___ STUDY MATERIAL ___

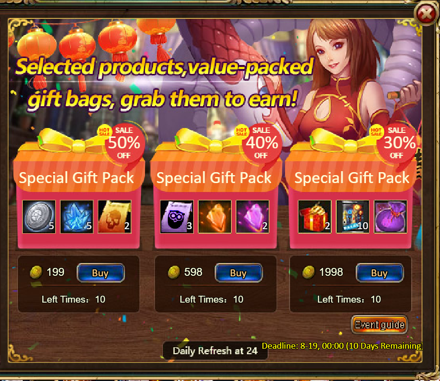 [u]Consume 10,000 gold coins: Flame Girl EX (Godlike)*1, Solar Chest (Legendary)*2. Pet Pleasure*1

___
___ STUDY MATERIAL ___

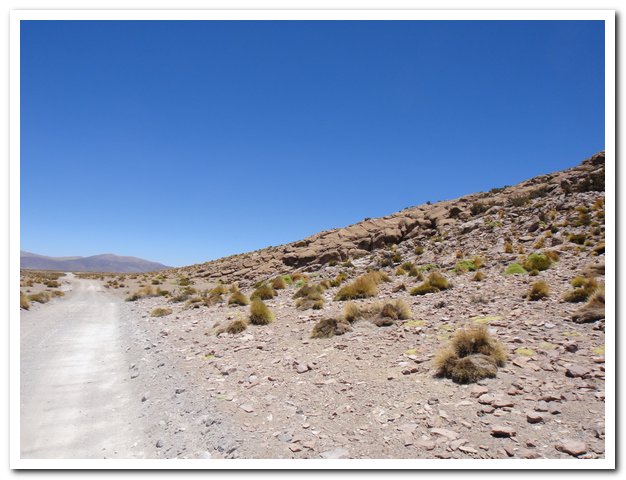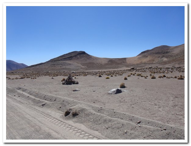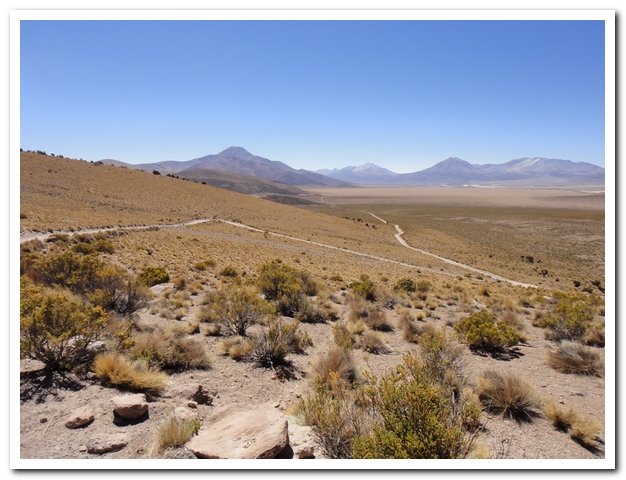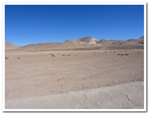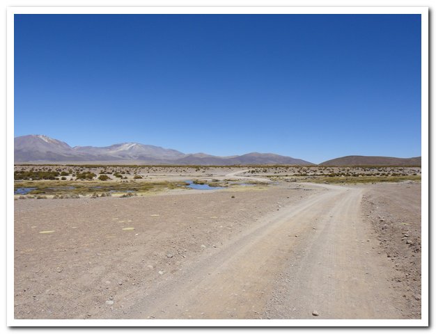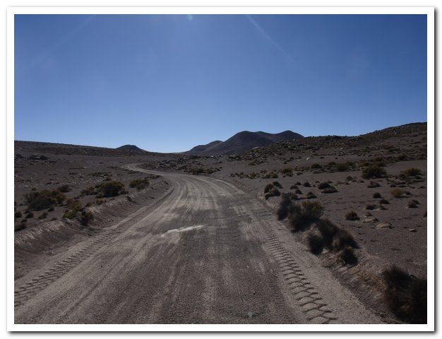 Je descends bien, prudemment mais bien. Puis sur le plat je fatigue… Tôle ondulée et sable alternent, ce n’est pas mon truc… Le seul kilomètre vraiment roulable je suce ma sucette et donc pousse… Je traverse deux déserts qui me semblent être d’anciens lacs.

___
___ STUDY MATERIAL ___

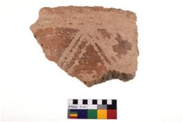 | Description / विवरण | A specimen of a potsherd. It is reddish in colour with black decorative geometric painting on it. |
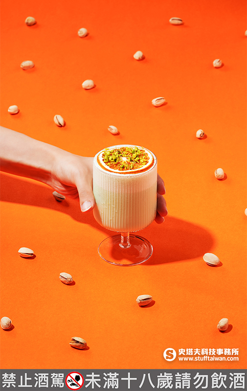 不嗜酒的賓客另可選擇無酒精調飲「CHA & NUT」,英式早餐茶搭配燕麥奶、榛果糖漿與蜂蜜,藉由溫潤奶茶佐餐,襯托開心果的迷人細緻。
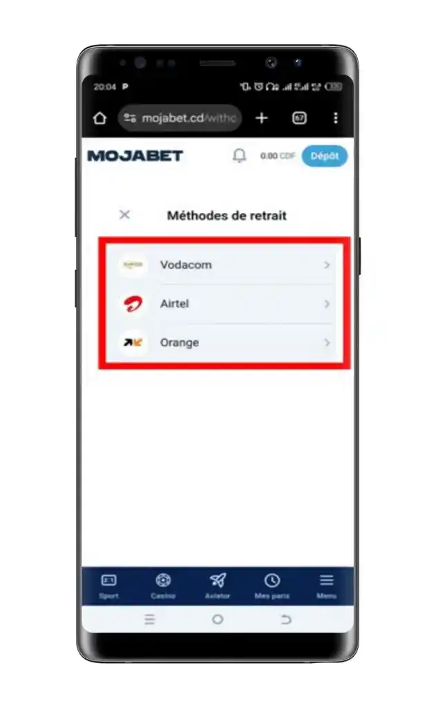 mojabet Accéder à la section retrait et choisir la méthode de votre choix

___

__DIRECTIONS__
While skipping the pictures, transcribe the data above from the line showing "painting on it. |" through the line showing "mojabet Accéder à", exactly and with both ends.

__WRITTEN ANSWER__
 | Description / विवरण | A specimen of a potsherd. It is reddish in colour with black decorative geometric painting on it. |
 不嗜酒的賓客另可選擇無酒精調飲「CHA & NUT」,英式早餐茶搭配燕麥奶、榛果糖漿與蜂蜜,藉由溫潤奶茶佐餐,襯托開心果的迷人細緻。
 mojabet Accéder à la section retrait et choisir la méthode de votre choix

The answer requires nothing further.